In 1908 there were an estimated 960 Protestant missionaries in Japan and they helped establish schools and colleges. Along with trade unions (a western idea introduced by missionaries to help with some of the problems Japan faced during its early industrialisation), western style medicine, hospitals, sanatoriums and orphanages, were founded on western ideas. The association of Christianity with these institutions retained its foreign image.
As mentioned above, the Japanese are remarkably tolerant to other religions. Even so, they are island people and it's natural for island people to perceive anything foreign as a threat. As recently as October 1941, Dr. Roy Byram, his wife and another missionary were arrested for promoting a religion opposed to the state's official religion of Shintoism. The next year, 42 Pentecostal ministers were arrested for teaching the sovereignty of Christ. Was this religious fervour on behalf of the Shintoist? Unlikely, since Shintoism is all about respect. Was it nationalism? Probably. The Japanese authorities no doubt welcomed the apparent 'progress' from adopting Western ways, such as the colleges, trade unions, medicine, etc.
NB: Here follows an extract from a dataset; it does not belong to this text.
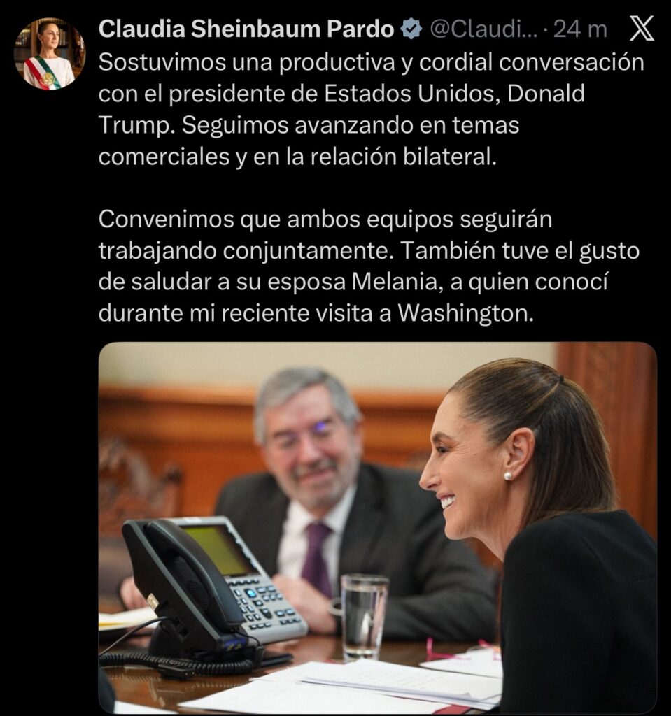 - Claudia Sheinbaum sostuvo una conversación directa y cordial con Donald Trump. México dialoga, avanza en comercio y cuida la relación bilateral sin subordinación ni estridencias.

But they would also have realised the threat of Western domination - just as America's current quasi-religious fervour for democracy is no more than a front for America Inc.'s control of Middle Eastern resources.
Although the Meiji constitution allowed freedom of religion, Christianity was still technically a crime with a maximum punishment of death. In the Second World War, Shinto was the official religion and all others were crimes. Christians were seen as sympathetic to the Allies and therefore traitors, so persecution increased.
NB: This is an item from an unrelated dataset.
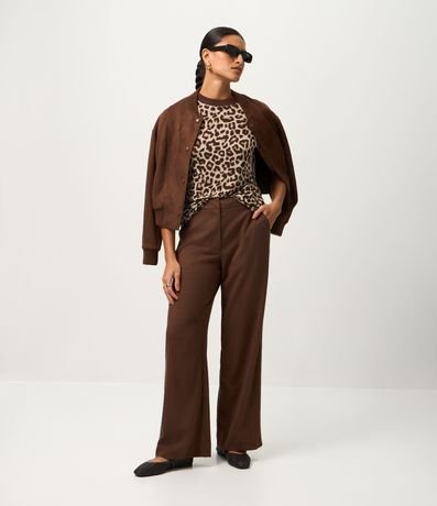 Camiseta feminina confeccionada em tricô mais sustentável através de boas práticas ambientais, no modelo regular. Possui gola alta redonda, contrastante, manga curta e estampa animal print de onça.

At the end of the war in 1945, as part of the surrender, America forced Japan to grant freedom of religion and this became part of the new Japanese Constitution.
(Ironically, as one writer said about the atomic bomb dropped by the Americans on Nagasaki Cathedral in 1945: "the Truman Administration killed more Christians than had ever been killed in Japan during centuries of persecution.")
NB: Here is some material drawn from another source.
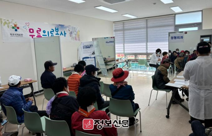 이런 상황에서 목포시 이로동, 자생조직 연합과 목포시의료원은 최형호 목포시의료원장을 단장으로 의사 7명, 간호사 8명, 진단검사의학과 행정인원 등 총 21명으로 봉사단을 구성해 의료취약지인 증도면을 찾았다.

In all its history, Christianity has been a foreign religion and remains so to this day. Scholars doubt that Christianity can localise itself in Japan as much as Buddhism has done, until the sad day when Japan has completely lost its culture to internationalisation.
According to the annual survey by Recruit Co., 15 percent of all new marriages in Japan in 2007 had no religious wedding ceremony, 12 percent had Shinto-style weddings (down from 80 percent in the 1960's), leaving a huge 70 percent majority who chose western style weddings. But since most of these couples and their families are presumed not to be believers, these ceremonies are not directed at a Christian congregation.
(A Gallup poll in 2006 revealed only around six percent of Japanese profess to be Christian, and they tend to have wedding ceremonies in their own churches.)
The trappings are there in these Western Style Weddings In Japan; the Bible reading, prayers, hymns, but it is not a time for preaching. The couple are there to get married and would be pretty annoyed if they were bombarded with evangelism. The ceremonies are based on Christian teachings but perceived by the couple primarily as a western style, rather than a Christian style.
... which is why we call them 'Western Style Weddings' and not 'Christian Style Weddings'.